Eventually, either there are no possible permutations of photographs left to take or the photographer is getting bored, and we all traipse back inside for the wedding breakfast. This is, to me, always the most disappointing meal any of us encounter in life as if someone invites me for breakfast, I expect there to be bacon at the very least, but hopefully also mushrooms, hash browns and fried eggs. As it is, in the backwards world of weddings, breakfast here means melon balls, roast beef and crème brûlée. I mean, fine, but it’s no bacon sandwich.
“Have you spoken to Georgina?” says Ruby, next to me. The question comes from so far out of the blue it’s actually green.
“No. Has she said anything to you?” I say back. I’m trying to lower my voice even though Georgina is a good three tables away, but the fifth glass of wine has turned off the part of my brain that controls volume awareness.
“She said hello, but that’s all,” Ruby shakes her head. “Why don’t you try and get back with her?” This is strange, as Ruby never much cared for Georgina. I think she just feels embarrassment on my behalf of being, as she views, lonely.
“Have you forgotten how it ended?” I chide, gesticulating with my glass. “She threw my Kindle in a pond and I set fire to her dress, although in fairness it was accidental on my part.”
“Well, you could still say hello,” says Ruby. I shrug and turn to talk to Kerry-and-Mia about their new puppy.
The plates are cleared away, the speeches are made, and we toast the happy couple, before moving off to the gardens again while the tables are cleared away and the room becomes a dance floor.
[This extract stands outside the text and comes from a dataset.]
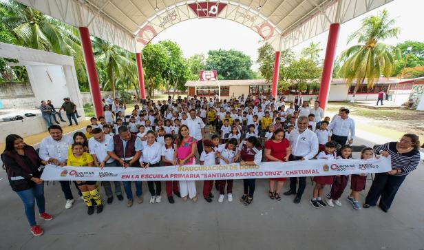 Chetumal.- Con más de cinco décadas de espera, hoy las y los estudiantes de la escuela primaria “Santiago Pacheco Cruz”, en la ciudad de Chetumal, cuentan con un domo escolar digno y seguro, el que les fue entregado por la gobernadora Mara Lezama Espinosa durante un emotivo evento.
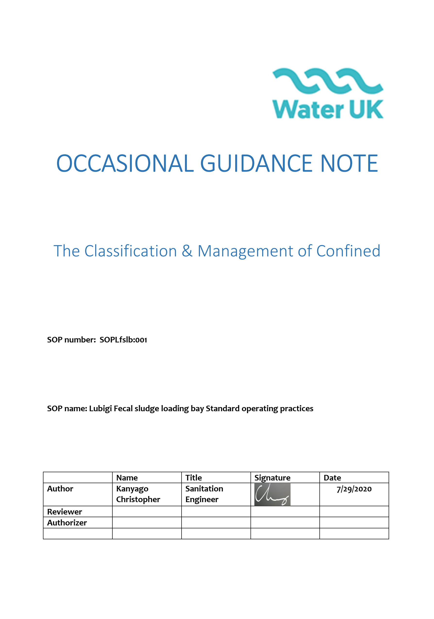 Water for People (WfP) (2020). Lubigi Fecal sludge loading bay Standard operating practices Water for People (WfP)

In the interim, Lara and I talk about her and Steve’s honeymoon. She mentions a news report about Europe – she thinks France – that was on the previous night, but neither of us knows much about it. Some political event, I think. The evening guests begin to arrive, including Iris and Annie (one half of Annie-and-Matt), both without partners due to Lara not really know either of them and guest space being at a premium.
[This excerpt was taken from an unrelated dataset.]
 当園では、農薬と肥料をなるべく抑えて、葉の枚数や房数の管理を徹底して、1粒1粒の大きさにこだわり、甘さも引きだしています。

We put our cigarettes out and are allowed back into the function room, which looks much bigger now it lacks tables. A few waiters are setting out a buffet, and while I don’t know how anyone can even consider eating, Steve, Alex and Jay simultaneously make a move for it. I’m not your average man – most of the ones I know seem to have bottomless stomachs and an overriding love of sport. One of the many reasons I’ve always been more comfortable being friends with women.
Once Steve is dragged away from the chicken legs he’s gorging on, they cut the cake, have their first dance (Adele’s “Make You Feel My Love”) and the rest of us, pleasingly buoyed with alcohol swarm onto the dance floor like ants honing in on a dropped toffee apple.
I started drinking gin and tonics and, soon enough, I find myself in a corner of the hotel’s gardens under a bush shaped like a jumping stag with Georgina.
Through the alcoholic fug, it’s not clear who approached who, but someone asked the other one for a light and we now both stand here, the music thumping away back in the hotel – it sounds like “Dancing Queen”.
“What a lovely evening,” she says, dragging deeply on her menthol cigarette. Her hair is dyed an emerald green, which at sixteen would’ve been experimental and cool, but now just looks like someone struggling with the reality of adulthood.
“We should go back in,” I say, not wanting particularly to have a conversation.
“No, Dex, hang on a second, I want to say something,” she says, reaching out and just stopping short of grabbing my wrist, a gesture we both know would be inadvisable. I decide to see what she wants to say.
“I’m sorry,” she doesn’t say.
“We should get back together,” she doesn’t add.
“Do you think we could try again?” she doesn’t query.
Instead, she says, “Why didn’t you fight for me?”